Does the union of masculine and feminine mean that, after total integration, gender will dissolve as an issue? That a kind of transvestite existentialism is the kabbalistic dream of an evolved world? Well, yes … and absolutely not.

There is a core paradigm in Hebrew mystical sources and many other traditions which provides a clear reality map for the integration of circle and line. It is a trinity of stages.

Simple (Before enlightenment: chop wood, carry water)

Complex (Enlightenment)

Simple (After enlightenment: chop wood, carry water)

The linchpin of the idea is that the third stage and the first, although externally similar, are really worlds apart. For stage three deeply integrates the new consciousness of stage two. So while the simplicity of stage one might be naïve, superficial, and even irresponsible, the simplicity of stage three is deep, wise, and responsible. In the reality map of eros, level one is the natural eros of the circle. Level two is the line, which occasionally opposes and even overrides certain circle manifestations. Level three is the return to a higher eros, where circle and line interpenetrate, yielding a sensual symphony of flowing spirit and precise form, unimaginable in the initial erotic offering of level one.

Lines and circles, the masculine and the feminine, are cosmic principles whose roots are in our souls. Neither New Age spirituality (circle) or the old religious Orthodoxies (lines) alone have within them the power to heal our souls and our planet. It is only a deeper erotic vision unpacked from both, the paradox of holding lines and circles together as one that can heal us.

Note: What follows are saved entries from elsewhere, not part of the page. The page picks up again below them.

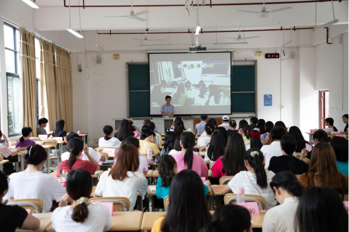 覃永县老师对即将走上讲台的新老师们给予了殷切的期望与深深的祝福。他提醒大家要有教育研究者的自觉,坚持阅读与写作的同时不断地进行实践和反思,最终成为一名优秀的教师。斯藤豪斯曾经说过:“教师即研究者。”教师是一个需要付出研究的职业,而研究就是不断地追问为什么,并给出科学的答案。在今后的教学中,如果碰到问题,我们首先要抱着研究的态度,尽可能详细地描述问题,不断地追问自己“为什么”。接着,要通过阅读来进一步地了解问题并寻求解决之道。“教育中的问题,80%都是老问题。”阅读专业书籍是一个非常高效的解决方式。与黄土路老师所说的文学阅读不同,他强调的是专业阅读,即每个职业都要阅读自己的专业书籍。在找到了解决方法后,我们还需要不断进行实践验证并反思改进。“教育写作,是真正成为名师的唯一途径。”一名教师的专业成长需要通过写作来进行输出。黄锦飞老师努力创作并带动学生创作发表,陶星武老师每天记录下教学生活的点点滴滴,大家要以这两位优秀的教育写作者为榜样。最后,他作为一名老师最朴素的愿望就是希望同学们能在自己身上感受到温暖和爱,并将之传递给自己的学生。
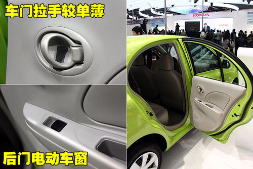 東風(fēng)日產(chǎn)瑪馳的四門車窗升降均為電動(dòng)升降,駕駛席側(cè)的車窗為一鍵式升降。中控鎖和車窗鎖定鍵也分布在這里,消費(fèi)者無需扭動(dòng)身體即可完成一系列的操作,使用起來簡(jiǎn)單方便。
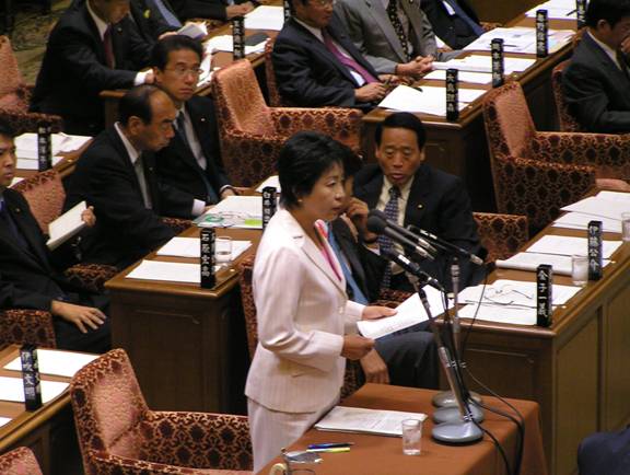 ―― 先の衆議院選挙結果で明らかとなった国民の「改革」への期待にどう応えるか、という問題意識から、財政再建への取り組み、「改革」のコントロールタワーである経済財政諮問会議の位置づけ、年金制度のあり方、少子化対策などをテーマとし、谷垣財務大臣、尾辻厚生労働大臣、竹中大臣(経済財政諮問会議担当)、南野大臣(少子化担当)、村上大臣(行政改革担当)に答弁をお願いしました。

We need to fully embrace the truth of the line, then roundly challenge it with circle consciousness, only to re-embrace the line from a more supple and rounded place. Similarly, we need to rejoice in the circle, only to bisect it with the power of the line and then re-turn again to the circle. This is the trinity paradigm in which level two rejects level one, only to be transcended and absorbed by level three, which is always an evolved version of level one. Circle, line, circle. Line, circle, line.

We begin in the middle—in the glory of the circle.

The Power of the Circle

Phallic line consciousness has proved impotent for so many of us. It has not given birth to the reality for which we dreamed. We have competed, failed, and succeeded. Yet we have found the process debilitating and the prize woefully insufficient. Even if we’ve “gotten” what we were always supposed to want, we have realized that it isn’t enough.

On the most personal level, the rat race of line consciousness has failed us. The radical focus on our place in the hierarchy has exhausted us. For many years we have ignored Lily Tomlin’s truism: “Even if you finish first, you are still a rat.”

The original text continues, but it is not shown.